The task - Repeat the records below exactly from the line containing "Lãnh đạo Bệnh" to the line containing "O Prato de Melamina", taking in both of those lines. Drop the pictures.

═════ Information provided

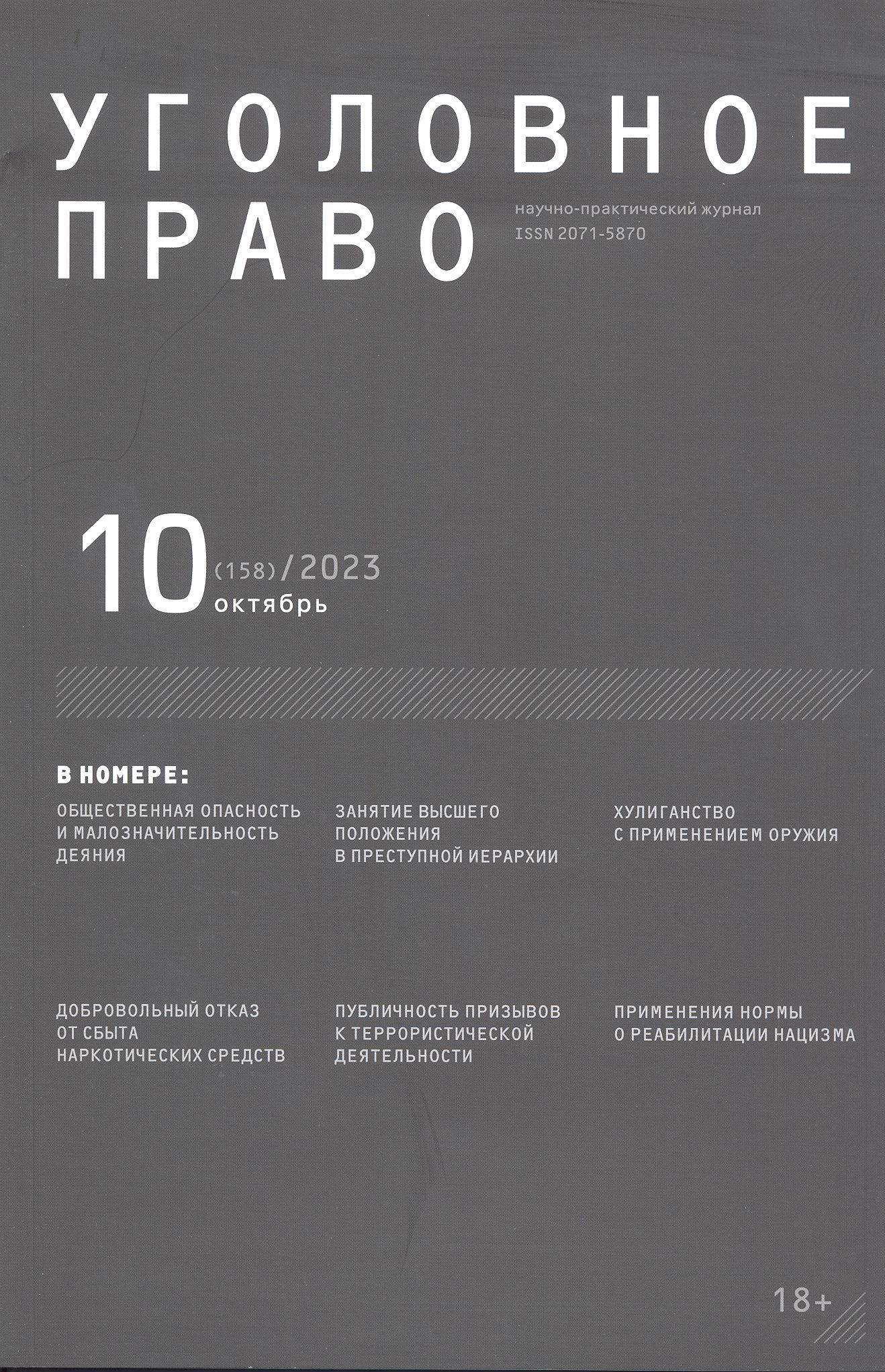 Общественная опасность и малозначительность деяния / Виктор Николаевич Винокуров. – 2023 // Уголовное право. – 2023. – N10. – С.3-11.
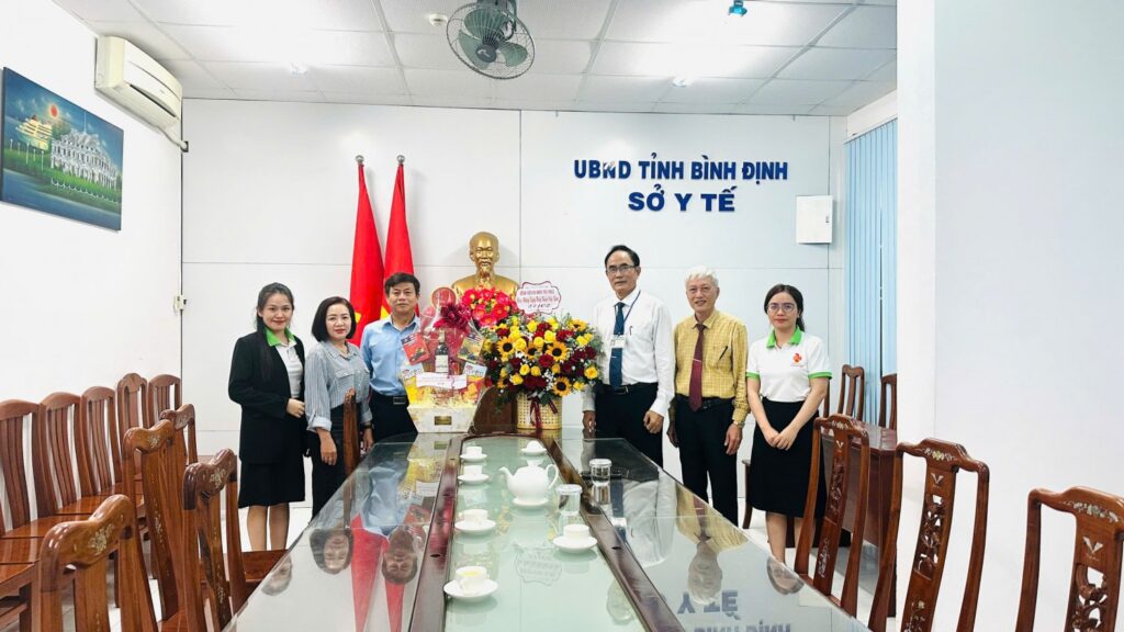 Lãnh đạo Bệnh viện ĐK Thu Phúc chúc mừng Sở Y tế Bình Định nhân Ngày Thầy thuốc VIệt Nam. Ảnh: TP
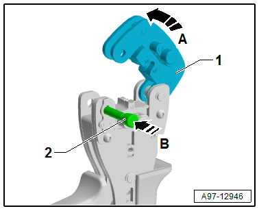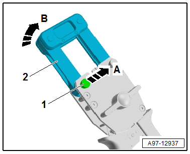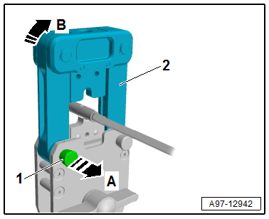 - Push the locking pin -2- in the direction of -arrow- all the way.
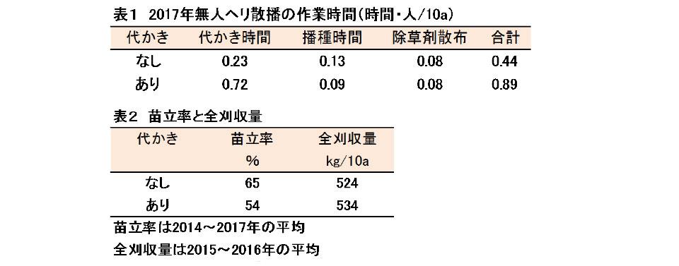 無代かきにより、代かき作業時間が約0.5時間/10a短縮され(表1)、苗立率が約10%向上しました(表2)。全刈収量は変わりませんでした。
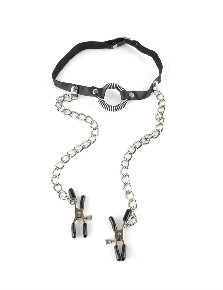 Fetish Fantasy O-Ring Gag with Nipple Clamps
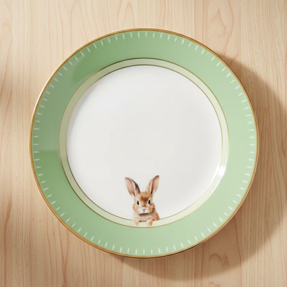 O Prato de Melamina é uma peça temática e elegante, perfeita para compor mesas especiais de Páscoa. No centro, apresenta um coelho fofo, enquanto as bordas verdes com detalhe dourado trazem sofisticação e charme à composição.
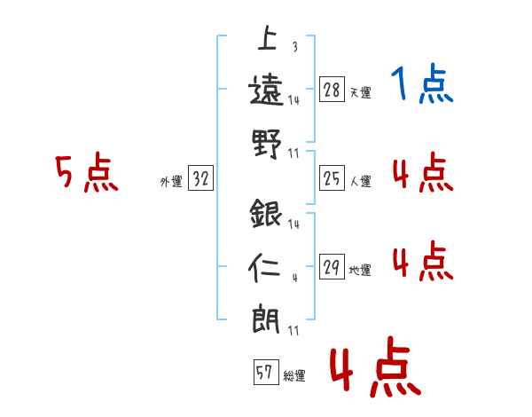 外運![]() | 上遠野銀仁朗さんの外運は32画の5つ星!柔軟性があり成功する。チャンスが多く金運が良い。 生活面を象徴する運勢です。外部から受ける影響力を表し、結婚運、家庭運や職場、環境への順応性を表します。 |
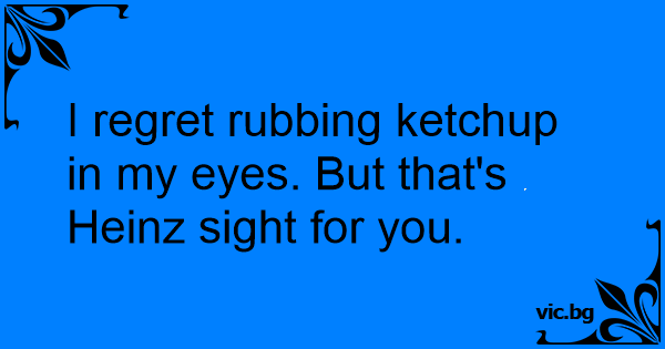 I regret rubbing ketchup in my eyes. But that's Heinz sight for you.
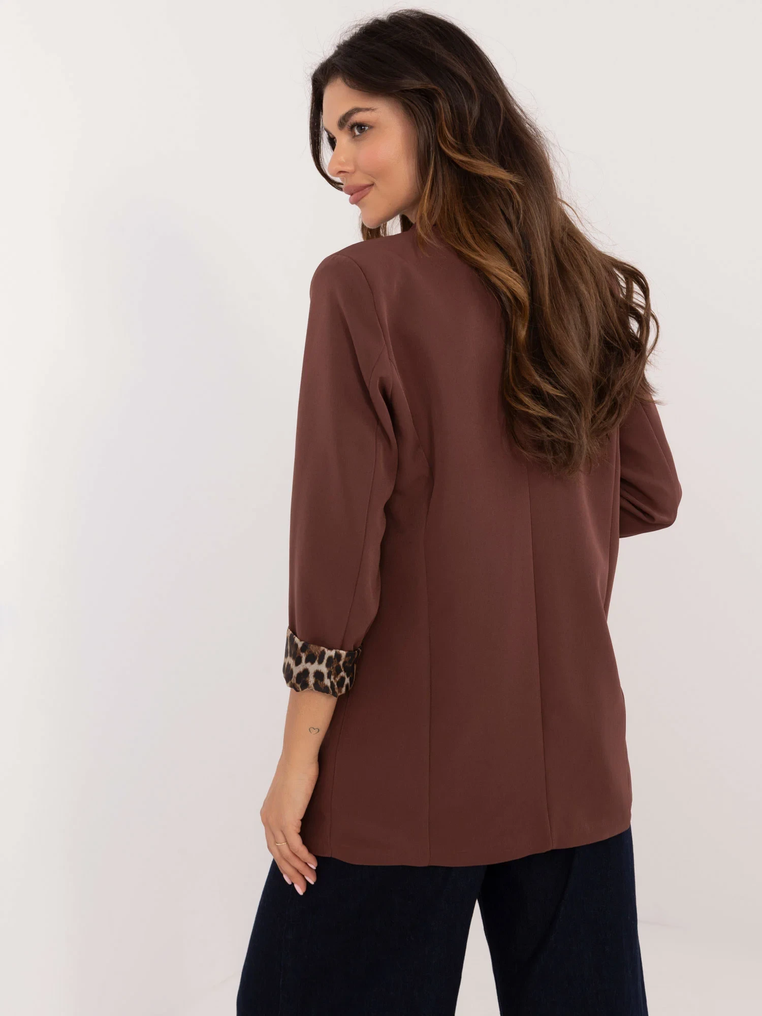 Wymiary marynarki w rozmiarze one size mierzone na płasko: szerokość pod pachami - 52 cm, długość rękawa - 56 cm, długość całkowita - 73 cm.
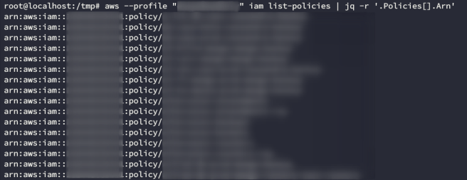 aws --profile "$profile" iam list-policies | jq -r ".Policies[].Arn"

══════════

Result of this exercise -
 Lãnh đạo Bệnh viện ĐK Thu Phúc chúc mừng Sở Y tế Bình Định nhân Ngày Thầy thuốc VIệt Nam. Ảnh: TP
 - Push the locking pin -2- in the direction of -arrow- all the way.
 無代かきにより、代かき作業時間が約0.5時間/10a短縮され(表1)、苗立率が約10%向上しました(表2)。全刈収量は変わりませんでした。
 Fetish Fantasy O-Ring Gag with Nipple Clamps
 O Prato de Melamina é uma peça temática e elegante, perfeita para compor mesas especiais de Páscoa. No centro, apresenta um coelho fofo, enquanto as bordas verdes com detalhe dourado trazem sofisticação e charme à composição.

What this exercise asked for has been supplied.